With the pictures omitted, print exactly the lines below, from the one containing "Minimalist Dusty Blue" through the one containing "Heute schaute ich", and nothing else.

[[ Record extracts, beginning ]]

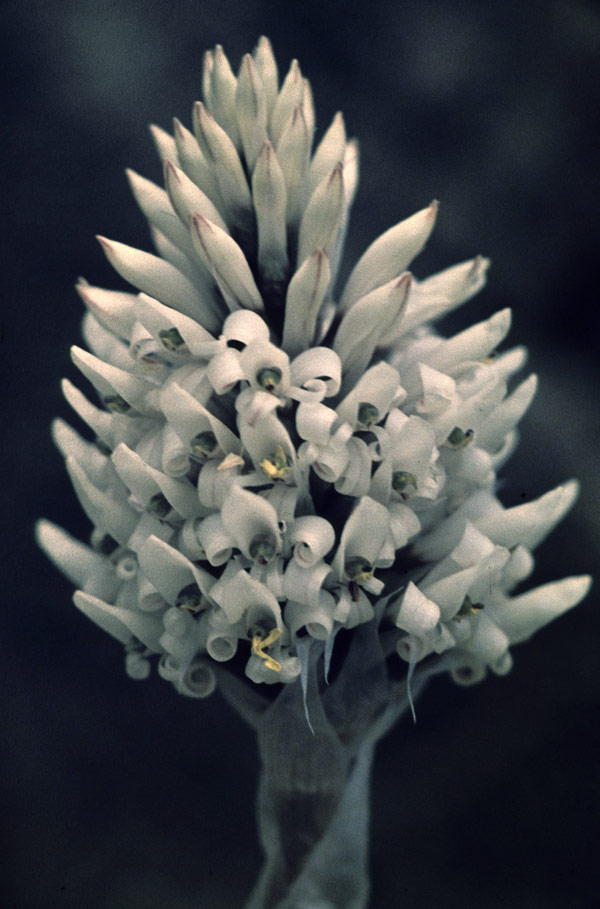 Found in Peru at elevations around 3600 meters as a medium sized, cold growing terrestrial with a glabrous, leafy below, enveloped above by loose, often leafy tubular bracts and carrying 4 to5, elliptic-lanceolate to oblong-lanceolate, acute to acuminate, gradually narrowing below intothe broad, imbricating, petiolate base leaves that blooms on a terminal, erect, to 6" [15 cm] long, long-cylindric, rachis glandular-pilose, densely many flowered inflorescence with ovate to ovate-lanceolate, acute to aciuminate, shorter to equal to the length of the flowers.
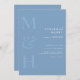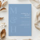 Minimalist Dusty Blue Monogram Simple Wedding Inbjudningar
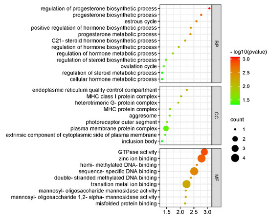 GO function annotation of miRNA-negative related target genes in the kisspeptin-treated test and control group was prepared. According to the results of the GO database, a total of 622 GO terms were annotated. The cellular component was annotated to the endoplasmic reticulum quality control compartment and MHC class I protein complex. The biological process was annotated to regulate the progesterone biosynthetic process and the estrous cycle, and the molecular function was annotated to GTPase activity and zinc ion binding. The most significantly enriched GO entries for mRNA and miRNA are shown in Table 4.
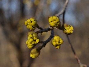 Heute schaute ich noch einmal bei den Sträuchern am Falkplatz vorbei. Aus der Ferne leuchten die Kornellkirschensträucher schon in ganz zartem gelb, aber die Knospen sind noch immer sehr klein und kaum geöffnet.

[[ Record extracts, end ]]
[[ Record extracts, beginning ]]

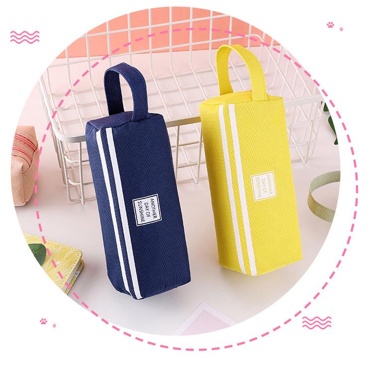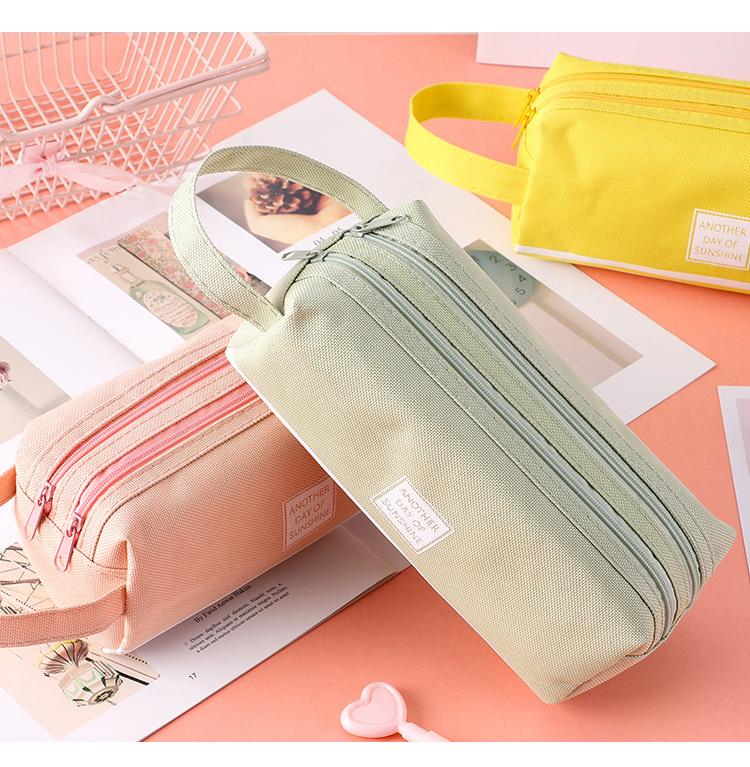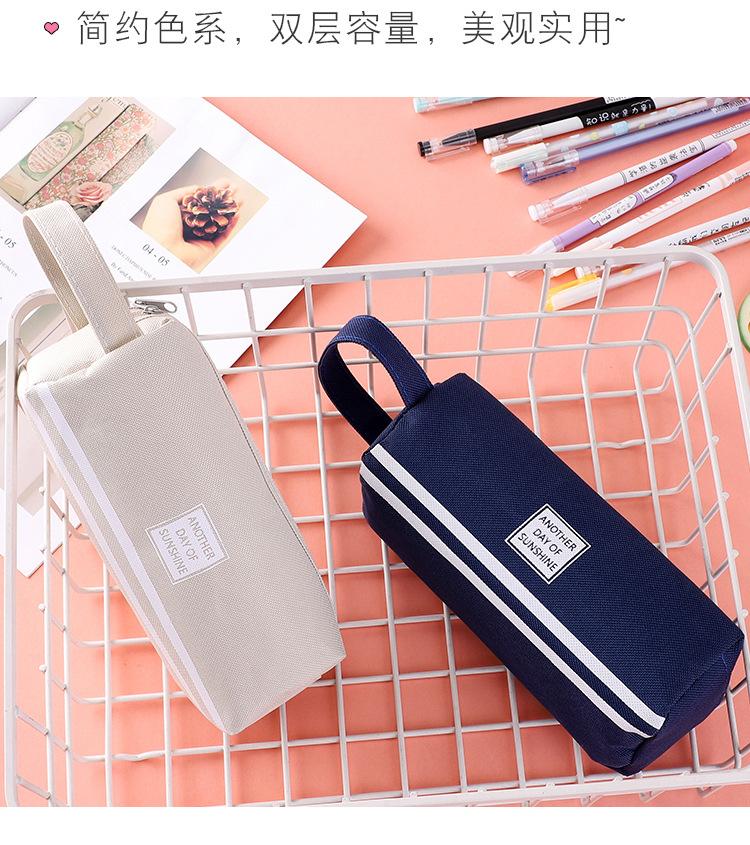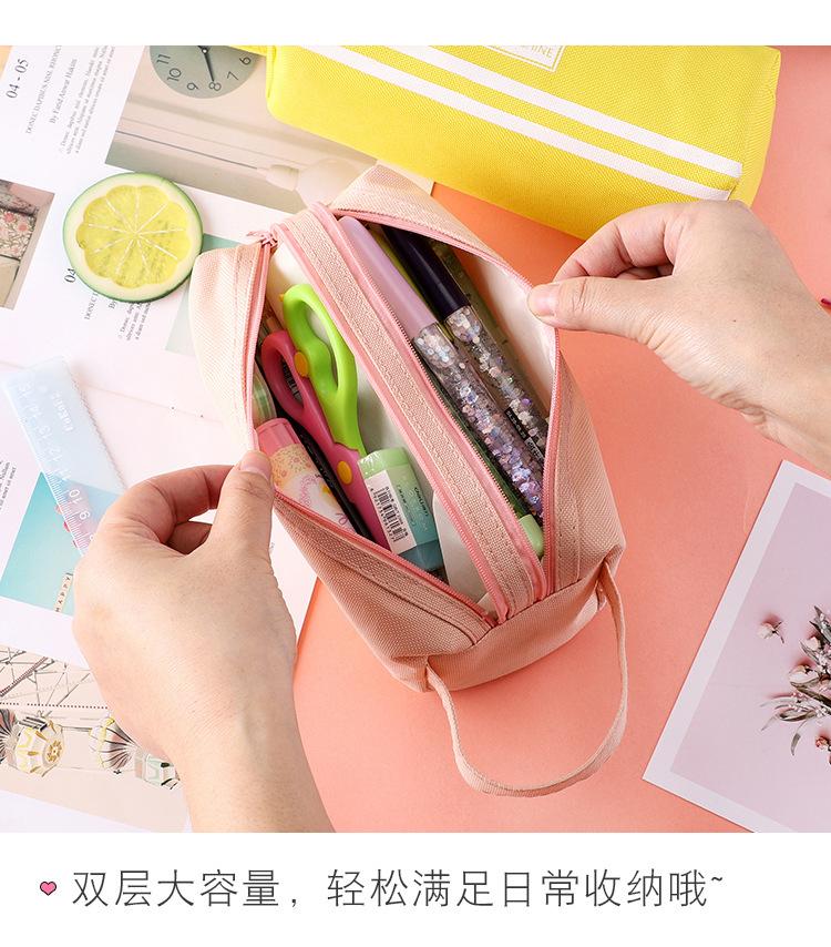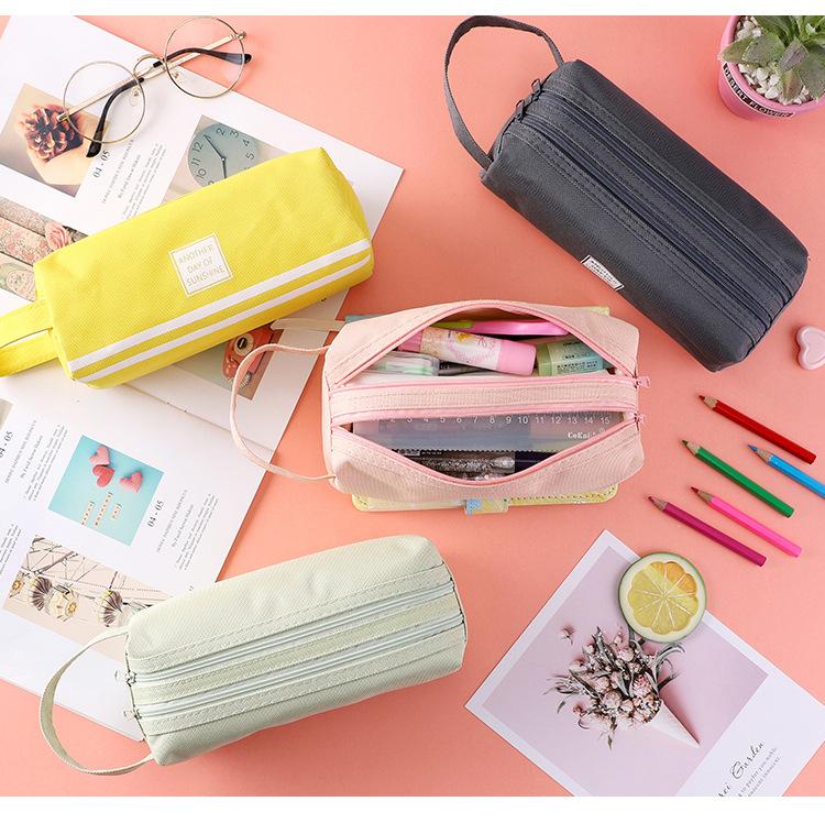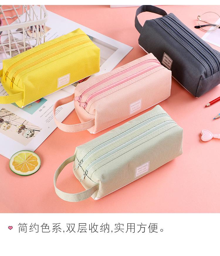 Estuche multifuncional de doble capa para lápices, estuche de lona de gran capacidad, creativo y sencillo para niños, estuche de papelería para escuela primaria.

[[ Record extracts, end ]]

** Solution to this exercise **
 Minimalist Dusty Blue Monogram Simple Wedding Inbjudningar
 GO function annotation of miRNA-negative related target genes in the kisspeptin-treated test and control group was prepared. According to the results of the GO database, a total of 622 GO terms were annotated. The cellular component was annotated to the endoplasmic reticulum quality control compartment and MHC class I protein complex. The biological process was annotated to regulate the progesterone biosynthetic process and the estrous cycle, and the molecular function was annotated to GTPase activity and zinc ion binding. The most significantly enriched GO entries for mRNA and miRNA are shown in Table 4.
 Heute schaute ich noch einmal bei den Sträuchern am Falkplatz vorbei. Aus der Ferne leuchten die Kornellkirschensträucher schon in ganz zartem gelb, aber die Knospen sind noch immer sehr klein und kaum geöffnet.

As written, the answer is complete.